- From: Richard Newman <r.newman@reading.ac.uk>
- Date: Wed, 2 Nov 2005 13:43:48 +0000
- To: Danny Ayers <danny.ayers@gmail.com>
- Cc: Semantic Web <semantic-web@w3.org>
Danny, I was going to reimplement schemarama using twinql's matchers a month or two ago, and got sidetracked. If you can give me a graph pattern that an Atom/OWL node has to match (e.g., an entry has to have a title, an author who is a person, etc.), then twinql can compile that into a function that says 'yes' or 'no'. This graph pattern is a SPARQL SELECT query, basically. Sound useful? -R On 2 Nov 2005, at 09:45, Danny Ayers wrote: > > On 11/1/05, Miles, AJ (Alistair) <A.J.Miles@rl.ac.uk> wrote: > > >> http://isegserv.itd.rl.ac.uk/schemarama/ >> > > Wonderful. > > I'd be interested in hearing your thoughts on how suitable this > approach might be with Atom/OWL [1]. This is basically the Atom > syndication modelled in RDF/OWL (work in progress, expect a > request-for-feedback post to list sometime soon). There is already a > lot of scope with Atom for validation at the syntax level, but I've > been playing a little with validation at the model level using OWL > constraints (some notes at [2]).

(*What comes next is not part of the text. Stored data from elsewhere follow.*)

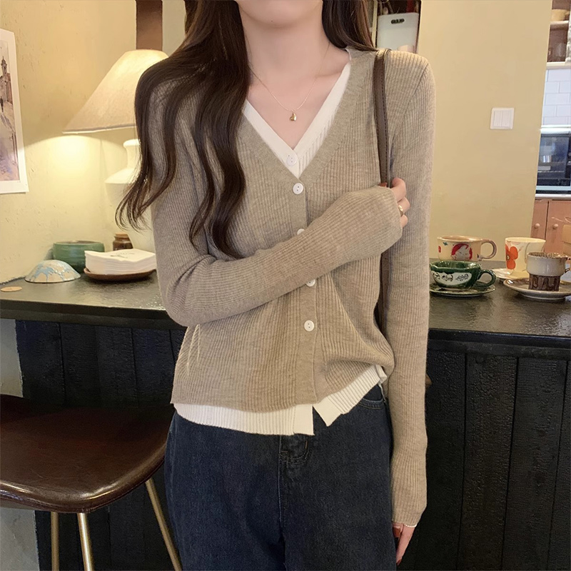 V-neck fake two-piece contrast sweater cardigan 2024 spring autumn winter South Korea slim lazy knitted base shirt women's top
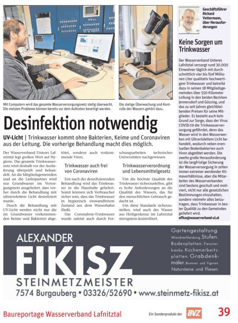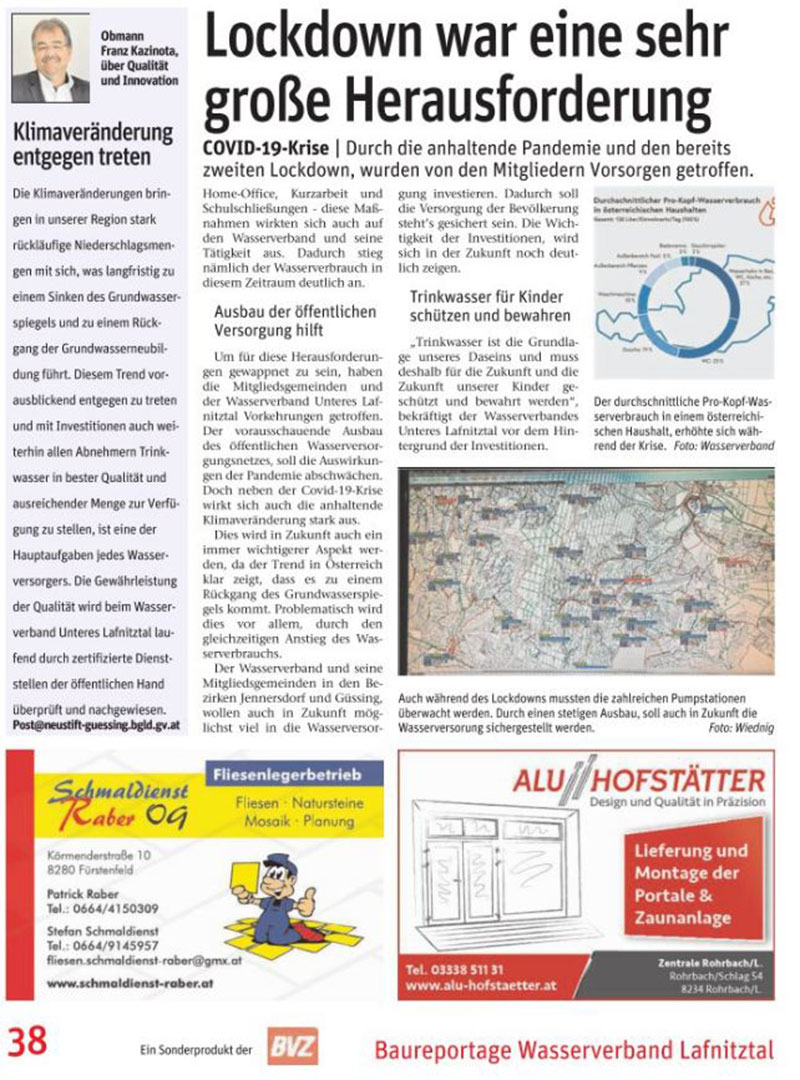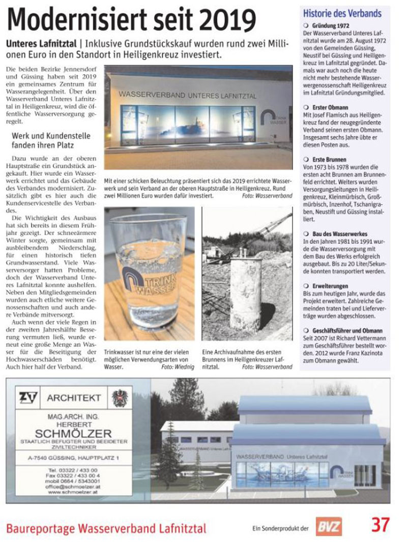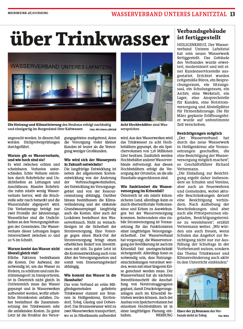 Zentrum für Erneuerbare Energie Güssing erstellt werden. Gerne standen wir zur Beratung mit unseren Erfahrungen zur Krisenvorsorge bei der öffentlichen Wasserversorgung zur Verfügung.
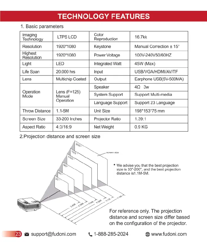 FUDONI P1 - Technology Features; Basic Projector Parameters; Projection Distance and Screen Size Guide
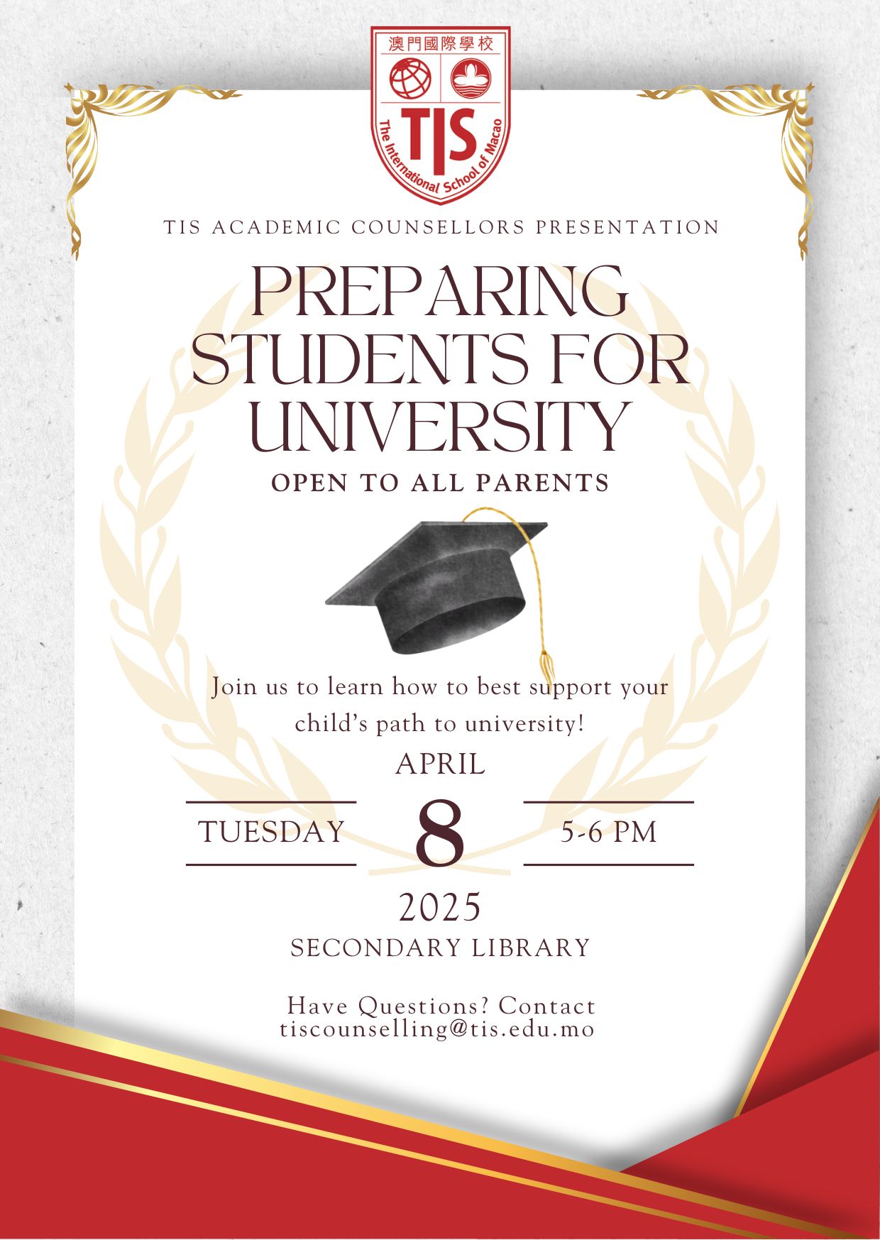 We hope to see you there! If you have any questions, please feel free to contact us at tiscounselling@tis.edu.mo.
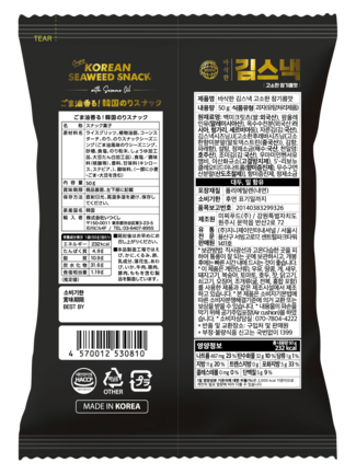 韓国の伝統的なお菓子である“キムブガクを現代風にアレンジし、サクサクとした食感と香ばしい味わいをいつでもどこでも手軽に楽しめるように開発したスナックです。
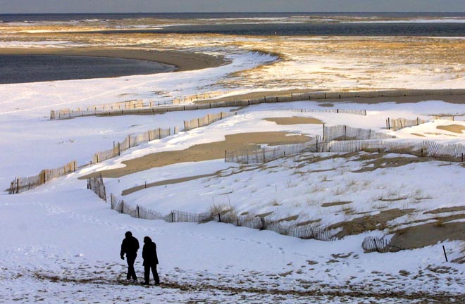 A couple walks on Lighthouse Beach after a snowstorm in Chatham, MA.
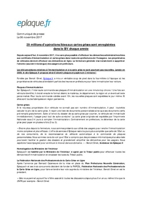 Depuis lundi 6 novembre 2017, il n'est plus possible d'effectuer les démarches administratives liées aux certificats d'immatriculation et cartes grises dans toutes les préfectures de l'hexagone. Les propriétaires de véhicules devront effectuer ces démarches en ligne. La fermeture générale vise notamment à supprimer l'attente (souvent très longue) des usagers en préfecture.
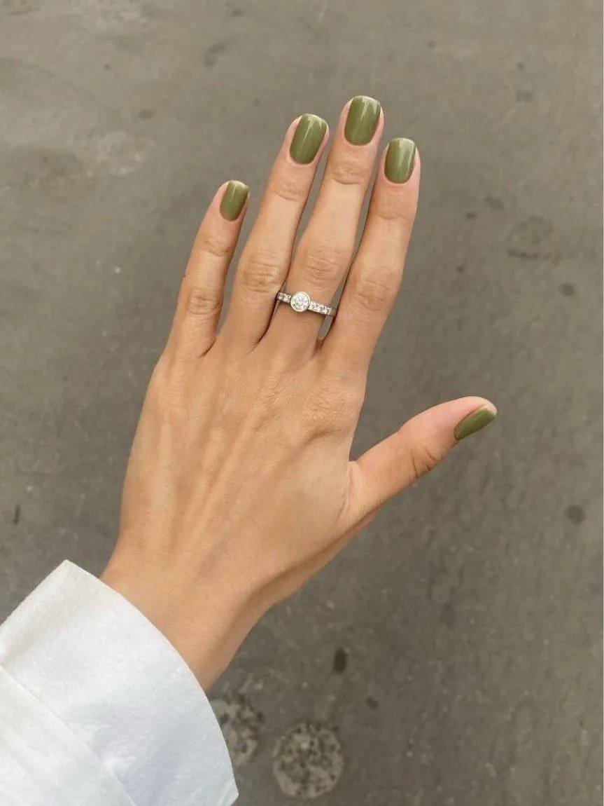 Приглушенный, слегка сероватый оливковый — идеальный компромисс между нюдом и цветом. Дает мягкий контраст с кожей, а граница при отрастании не выглядит резкой. На овале или мягком квадрате — особенно хорош!
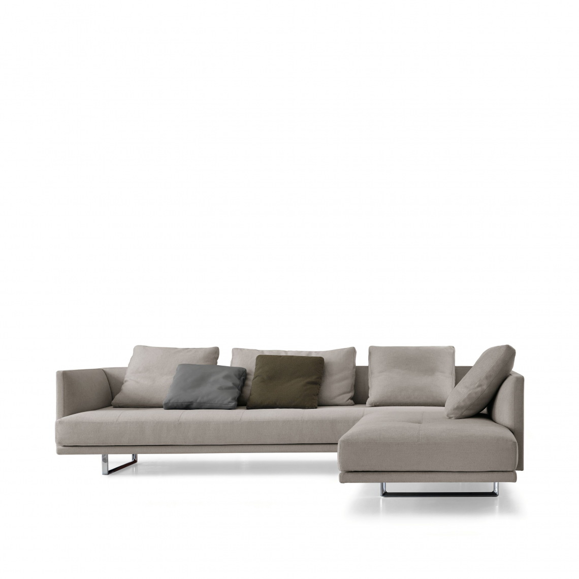 Understatement with lasting quality. The generous pads float with an airy but at the same time opulent appearance. The slim arm and backrests behind the soft seat cushion ensure support. Prime Time Sofa is available in a variety of versions: single, extension, and corner solutions offer the appeal of minimalist elegance.

I anticipate this will be pretty > limited compared to the syntax stuff, but thought it could be useful > for ensuring some level of sanity for Atom data when in the RDF/OWL > world. (A particular variety of app I envisage is an Atom Store built > on a triplestore, so it would have sources/sinks of Atom > format/protocol). If I understand correctly, the Schemarama approach > could take this even further towards the constraints given in the Atom > spec. Does that make sense? > > Cheers, > Danny.